Older Swiss Women Win Landmark Climate Case at European Court

A group of older Swiss women has achieved a significant victory in their climate case at the European Court of Human Rights.

Mostly in their 70s, these women argued that their age and gender make them particularly vulnerable to the impacts of heatwaves associated with climate change.

The court found that Switzerland’s efforts to meet its emission reduction targets have been woefully inadequate.

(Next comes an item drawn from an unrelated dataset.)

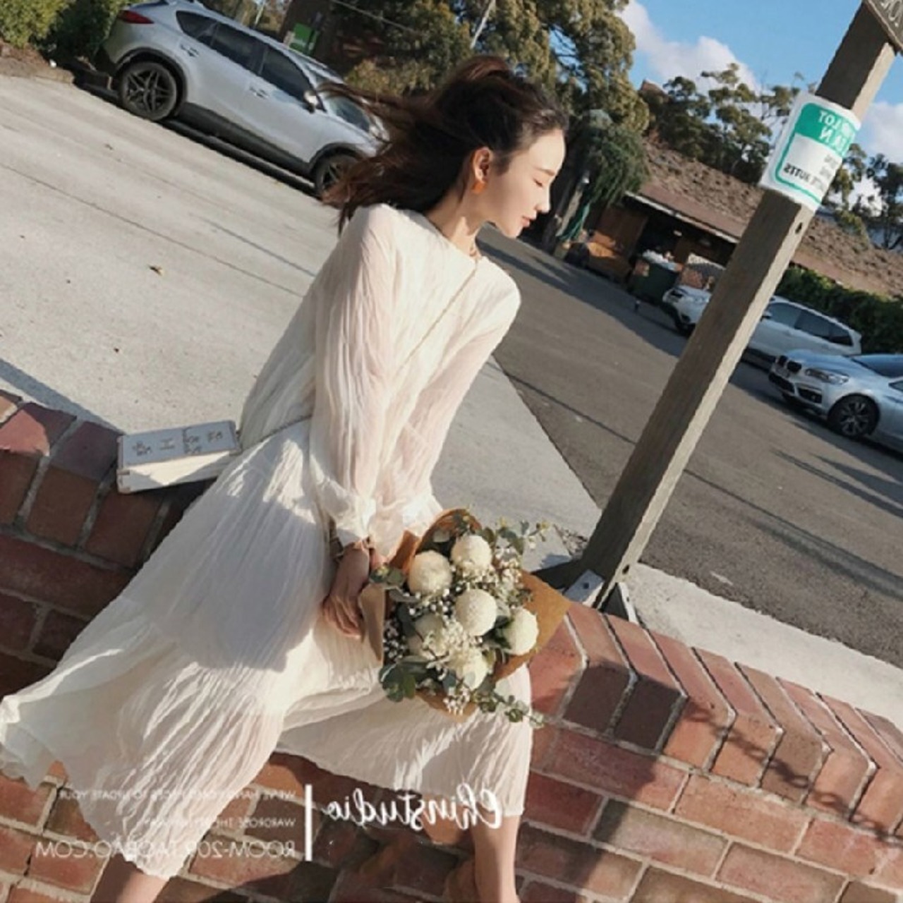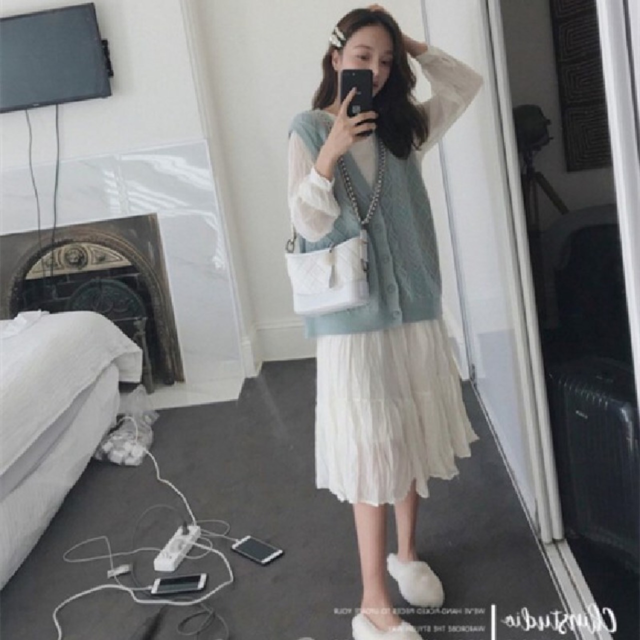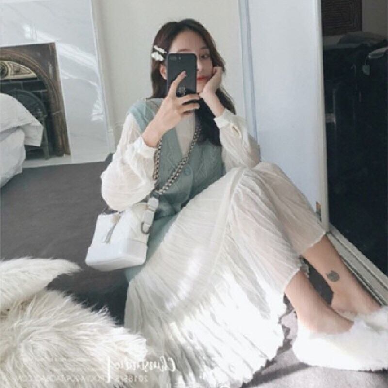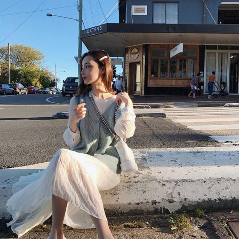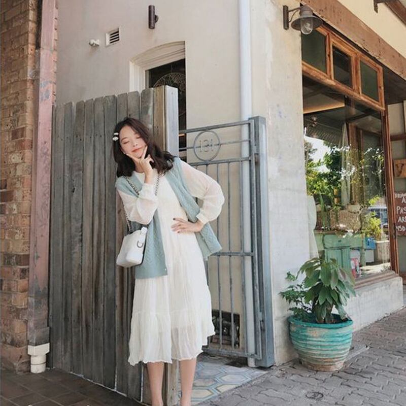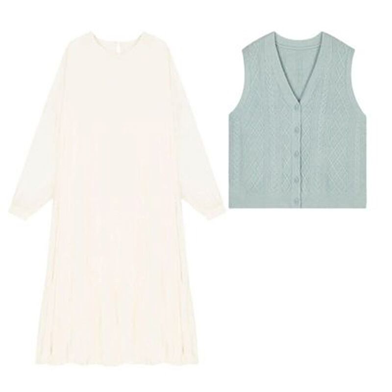 ホワイトおしゃれワンピース&ニットベストカーディガンセットアップ 【DL-1036】

This landmark ruling marks the first time the influential court has addressed global warming in its decisions.

The ruling is legally binding and has implications for 46 countries in Europe, including the UK.

The Swiss women, known as KlimaSeniorinnen or Senior Women for Climate Protection, highlighted that they face challenges leaving their homes and experience health issues during heatwaves in Switzerland.

Recent data from Tuesday revealed that last month was the warmest March on record globally, continuing a trend of temperature records being broken for ten consecutive months.

The court rejected two additional cases brought by six Portuguese young people and a former French mayor, who argued that European governments had not taken sufficient action to address climate change promptly, thus violating their rights.

Elisabeth Smart, a member of KlimaSeniorinnen at 76 years old, shared with BBC News her observations of how the climate in Switzerland has evolved since her childhood on a farm.

Reflecting on her nine-year commitment to the case, she remarked, “Some of us are just wired that way. We are not meant to sit idly by; we want to take action.”